── Provided data ──

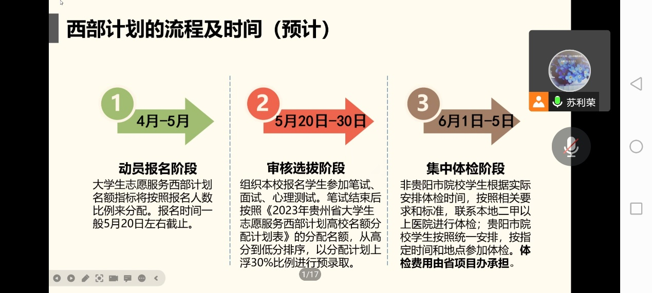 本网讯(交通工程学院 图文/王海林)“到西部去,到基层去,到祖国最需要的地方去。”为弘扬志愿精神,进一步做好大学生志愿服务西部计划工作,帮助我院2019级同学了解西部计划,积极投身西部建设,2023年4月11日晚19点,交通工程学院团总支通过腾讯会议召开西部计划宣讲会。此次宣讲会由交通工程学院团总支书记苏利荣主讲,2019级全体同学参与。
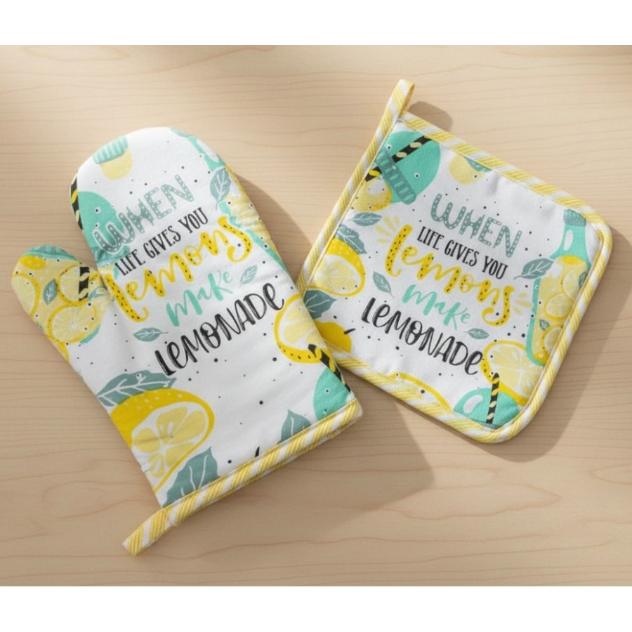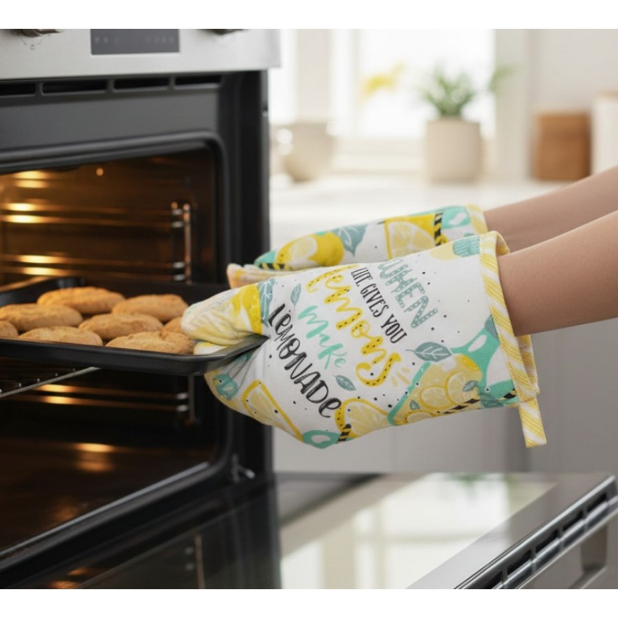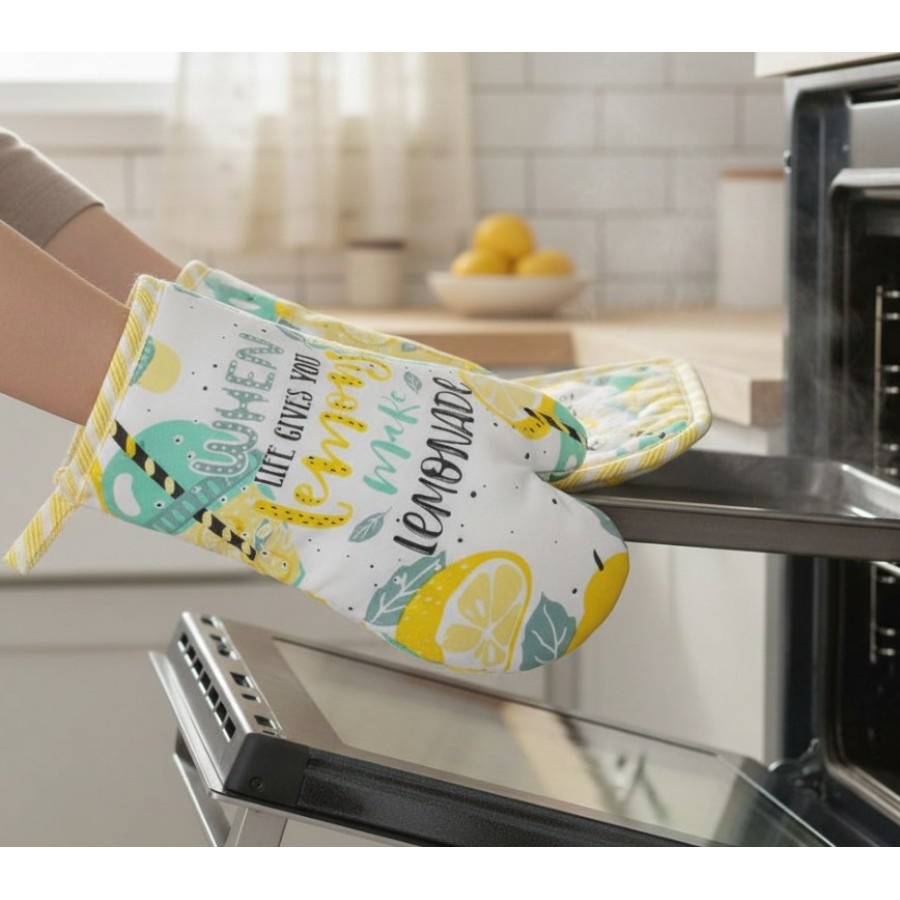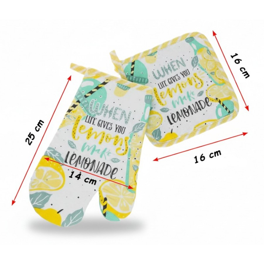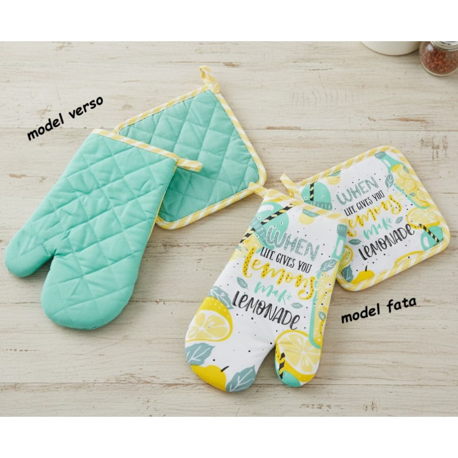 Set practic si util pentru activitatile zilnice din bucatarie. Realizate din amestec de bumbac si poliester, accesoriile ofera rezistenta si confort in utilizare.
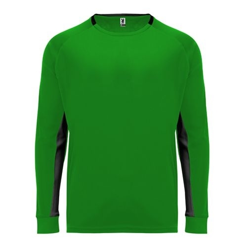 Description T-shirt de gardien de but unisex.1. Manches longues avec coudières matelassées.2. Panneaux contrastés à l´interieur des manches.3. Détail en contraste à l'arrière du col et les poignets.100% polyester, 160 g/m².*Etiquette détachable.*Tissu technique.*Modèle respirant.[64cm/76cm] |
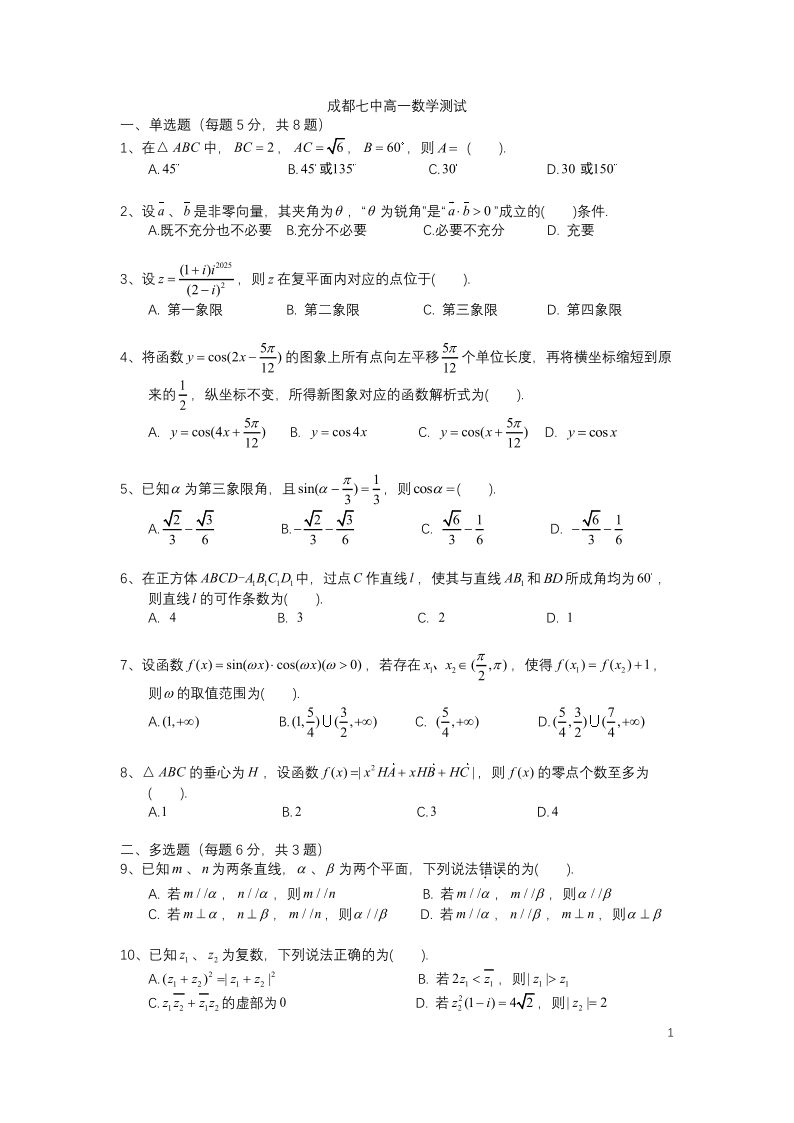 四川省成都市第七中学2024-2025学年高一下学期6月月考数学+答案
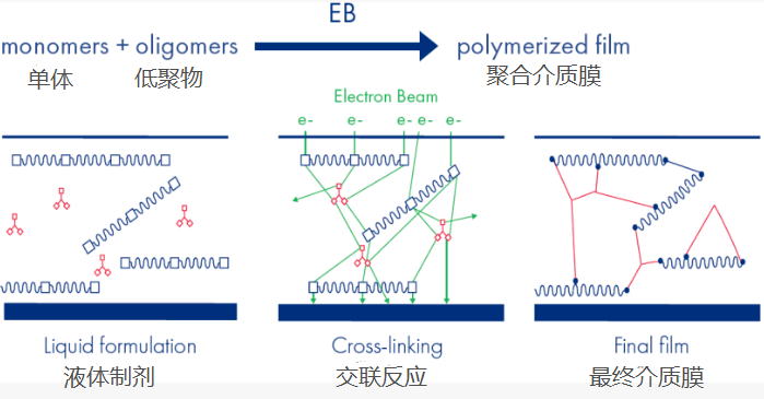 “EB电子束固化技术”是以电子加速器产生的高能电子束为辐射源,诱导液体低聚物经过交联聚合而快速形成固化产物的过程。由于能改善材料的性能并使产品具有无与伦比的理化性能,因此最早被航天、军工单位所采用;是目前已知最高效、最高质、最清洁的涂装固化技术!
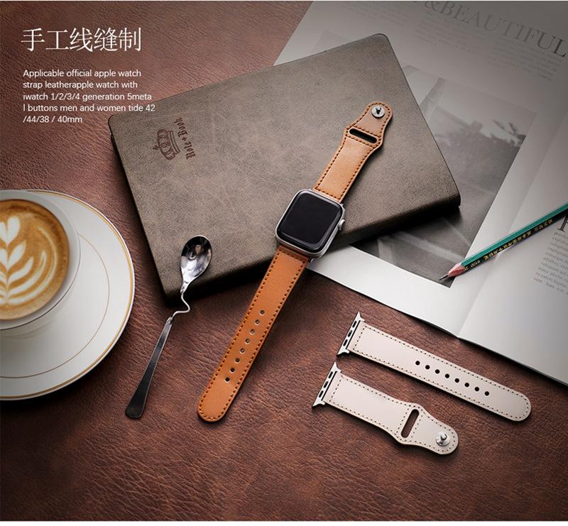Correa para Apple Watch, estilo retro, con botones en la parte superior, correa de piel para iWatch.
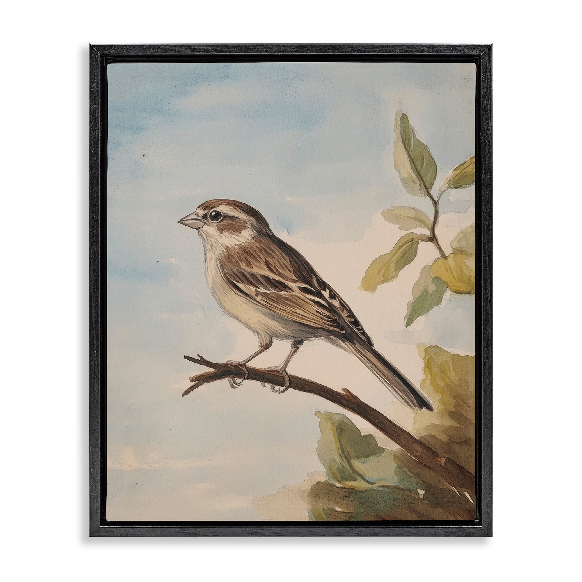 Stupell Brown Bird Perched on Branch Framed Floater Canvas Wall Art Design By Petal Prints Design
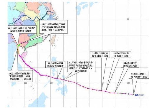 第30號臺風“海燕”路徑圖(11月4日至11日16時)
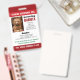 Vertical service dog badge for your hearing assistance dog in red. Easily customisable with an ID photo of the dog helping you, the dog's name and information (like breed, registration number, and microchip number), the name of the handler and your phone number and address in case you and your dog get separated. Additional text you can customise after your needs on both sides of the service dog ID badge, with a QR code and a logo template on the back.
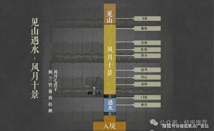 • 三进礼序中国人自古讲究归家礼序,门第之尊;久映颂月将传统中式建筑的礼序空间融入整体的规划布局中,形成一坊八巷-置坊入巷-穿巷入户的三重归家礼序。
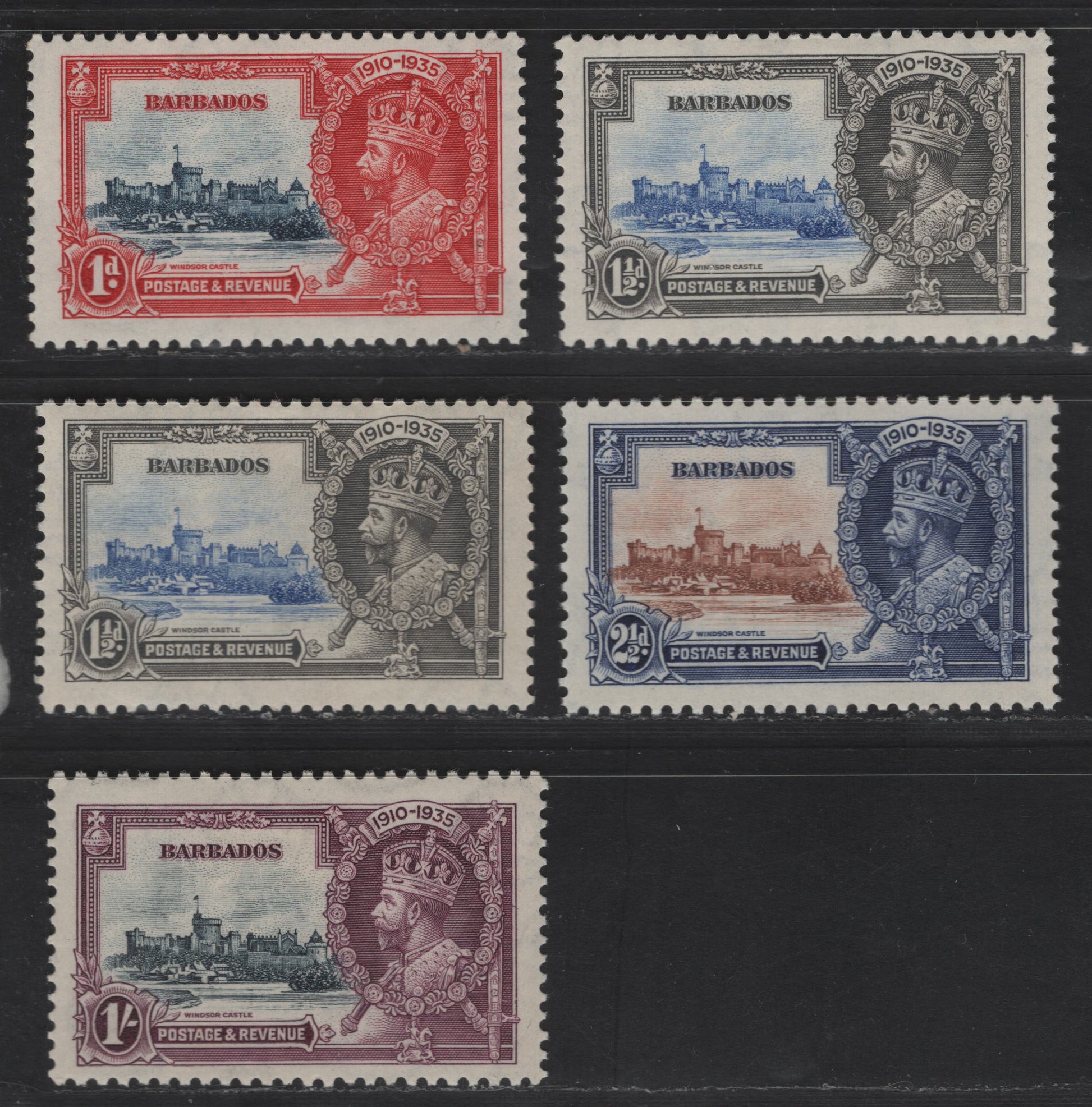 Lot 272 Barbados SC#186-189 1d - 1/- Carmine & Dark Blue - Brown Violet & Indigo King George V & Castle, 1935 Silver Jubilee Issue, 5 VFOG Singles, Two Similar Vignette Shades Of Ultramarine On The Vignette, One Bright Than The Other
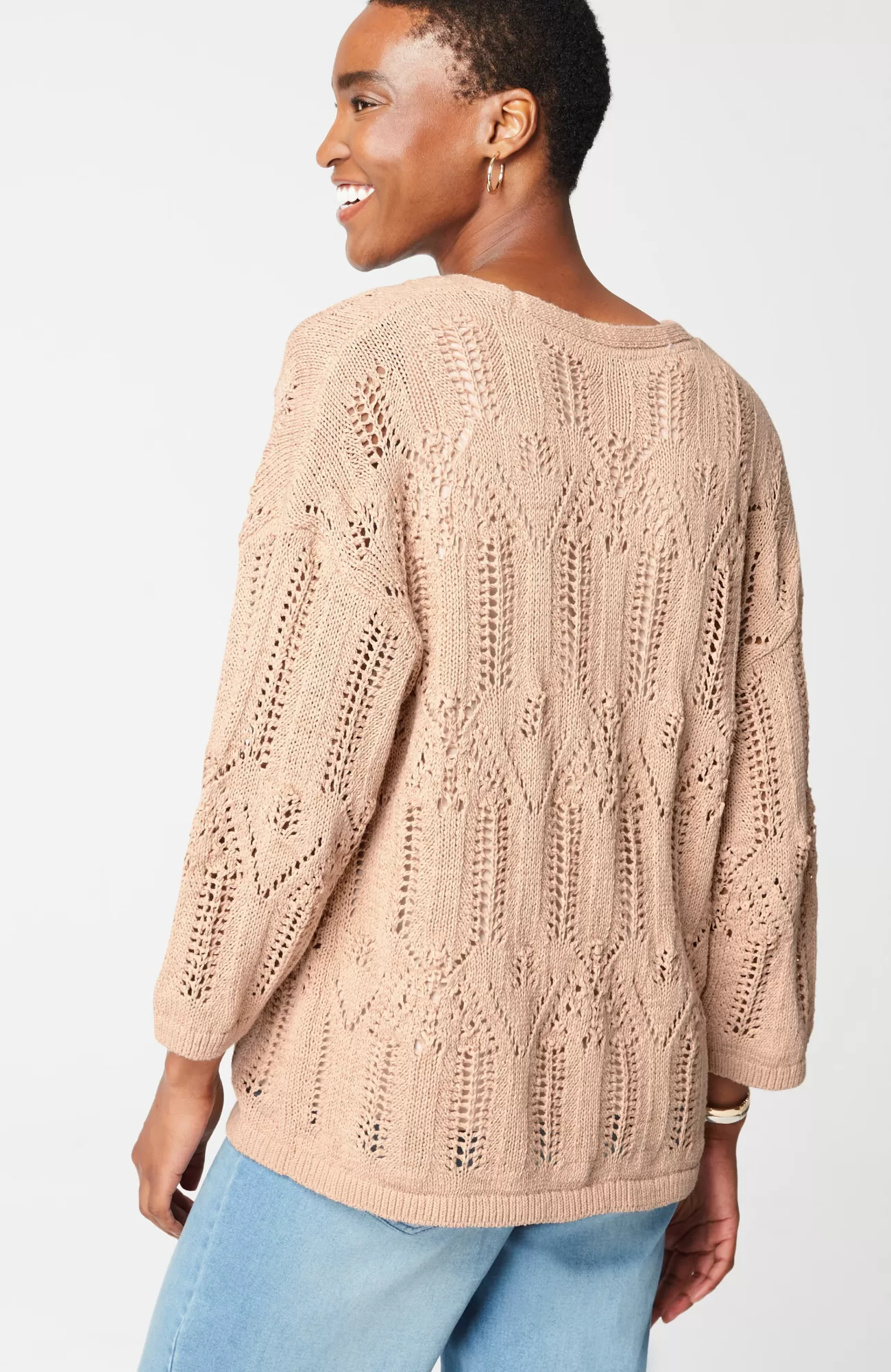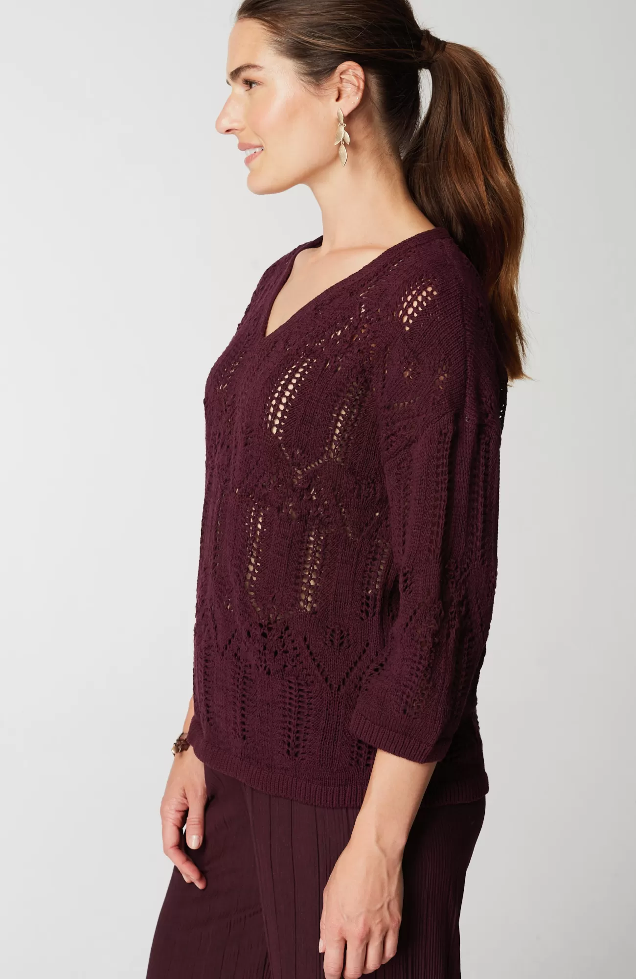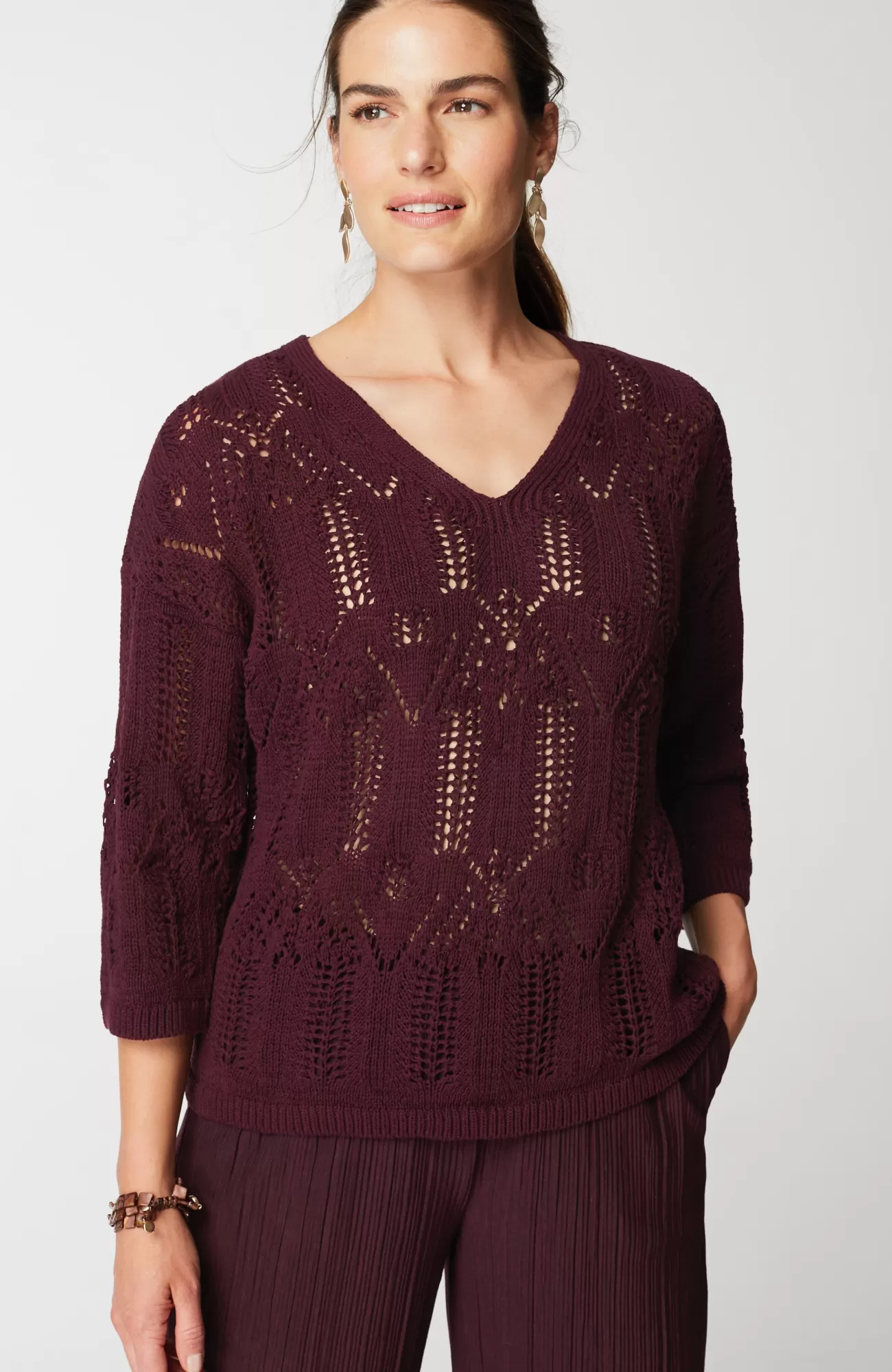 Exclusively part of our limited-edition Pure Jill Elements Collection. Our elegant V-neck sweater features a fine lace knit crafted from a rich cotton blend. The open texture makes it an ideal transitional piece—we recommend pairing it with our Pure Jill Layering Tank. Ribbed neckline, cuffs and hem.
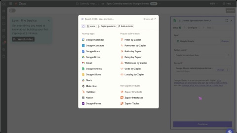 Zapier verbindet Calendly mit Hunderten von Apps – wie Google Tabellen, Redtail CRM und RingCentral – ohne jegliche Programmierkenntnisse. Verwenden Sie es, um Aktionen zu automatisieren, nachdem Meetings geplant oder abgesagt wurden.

───

## Description of the task:
The full listing above, duplicated exactly and without its pictures, is the answer.

## Output below:
 本网讯(交通工程学院 图文/王海林)“到西部去,到基层去,到祖国最需要的地方去。”为弘扬志愿精神,进一步做好大学生志愿服务西部计划工作,帮助我院2019级同学了解西部计划,积极投身西部建设,2023年4月11日晚19点,交通工程学院团总支通过腾讯会议召开西部计划宣讲会。此次宣讲会由交通工程学院团总支书记苏利荣主讲,2019级全体同学参与。
 Set practic si util pentru activitatile zilnice din bucatarie. Realizate din amestec de bumbac si poliester, accesoriile ofera rezistenta si confort in utilizare.
 Description T-shirt de gardien de but unisex.1. Manches longues avec coudières matelassées.2. Panneaux contrastés à l´interieur des manches.3. Détail en contraste à l'arrière du col et les poignets.100% polyester, 160 g/m².*Etiquette détachable.*Tissu technique.*Modèle respirant.[64cm/76cm] |
 四川省成都市第七中学2024-2025学年高一下学期6月月考数学+答案
 “EB电子束固化技术”是以电子加速器产生的高能电子束为辐射源,诱导液体低聚物经过交联聚合而快速形成固化产物的过程。由于能改善材料的性能并使产品具有无与伦比的理化性能,因此最早被航天、军工单位所采用;是目前已知最高效、最高质、最清洁的涂装固化技术!
Correa para Apple Watch, estilo retro, con botones en la parte superior, correa de piel para iWatch.
 Stupell Brown Bird Perched on Branch Framed Floater Canvas Wall Art Design By Petal Prints Design
 第30號臺風“海燕”路徑圖(11月4日至11日16時)
 Vertical service dog badge for your hearing assistance dog in red. Easily customisable with an ID photo of the dog helping you, the dog's name and information (like breed, registration number, and microchip number), the name of the handler and your phone number and address in case you and your dog get separated. Additional text you can customise after your needs on both sides of the service dog ID badge, with a QR code and a logo template on the back.
 • 三进礼序中国人自古讲究归家礼序,门第之尊;久映颂月将传统中式建筑的礼序空间融入整体的规划布局中,形成一坊八巷-置坊入巷-穿巷入户的三重归家礼序。
 Lot 272 Barbados SC#186-189 1d - 1/- Carmine & Dark Blue - Brown Violet & Indigo King George V & Castle, 1935 Silver Jubilee Issue, 5 VFOG Singles, Two Similar Vignette Shades Of Ultramarine On The Vignette, One Bright Than The Other
 Exclusively part of our limited-edition Pure Jill Elements Collection. Our elegant V-neck sweater features a fine lace knit crafted from a rich cotton blend. The open texture makes it an ideal transitional piece—we recommend pairing it with our Pure Jill Layering Tank. Ribbed neckline, cuffs and hem.
 Zapier verbindet Calendly mit Hunderten von Apps – wie Google Tabellen, Redtail CRM und RingCentral – ohne jegliche Programmierkenntnisse. Verwenden Sie es, um Aktionen zu automatisieren, nachdem Meetings geplant oder abgesagt wurden.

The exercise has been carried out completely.